You don't have to believe the advocacy groups — it's in the mayor's own Management Report: Bike lane construction was down 22 percent. And he's watered down DOT initiatives on McGuinness Boulevard, Fordham Road, Flatbush Avenue and Ashland Place, among others.

"At the end of the day, the mayor and Ingrid do not like these projects," one administration source told Hell Gate last month.

The good thing is that more and more people are getting hip to what's going on with this mayor and street safety — even important people who have the full range of city issues to worry about:

There was only one other story yesterday, it seemed:

  • Lots of outlets covered the mayor's announcement of new rules about containerized trash. We, of course, went with two stories, an overview and a mayoral story looking at the revolutionary repurposing of curbside space for garbage instead of parked cars.
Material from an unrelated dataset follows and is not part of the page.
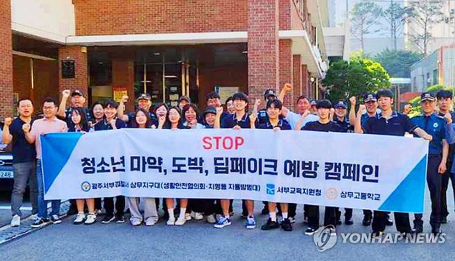 (광주=연합뉴스) 23일 오전 광주 서구 상무고등학교에서 열린 서부경찰서 상무지구대의 '청소년 마약·도박·딥페이크 예방 캠페인'에서 참가자들이 기념사진을 찍고 있다. 생활안전협의회, 치평동 자율방범대와 함께 한 이날 캠페인은 늘어나는 청소년 범죄를 근절하기 위해 마련됐다. 캠페인에 참가한 상무지구대 경찰관들은 범죄 예방 방법이 담긴 책자를 학생들에게 나눠줬다. 2025.6.23 [광주 서부경찰서 제공. 재판매 및 DB 금지]

Other outlets went in a different direction:
    • Gothamist and the Post focused on the minimal cost to building owners, who will now pay $45 for a bin (rat extermination and summonses are a lot more expensive than that, as the mayor well knows!)
    • The Daily News framed it as part of the mayor's war on rats (with no mention of the sidewalk space being stolen from pedestrians).
    • amNY played it straight.
  • Finally, our Photoshop Desk had some fun after we saw that the NYPD's space-hogging squad car had disappeared from the pedestrian and cyclist path on the Brooklyn Bridge. But by the end of the day, the car was still absent. Could this silly practice of clogging up the path be over?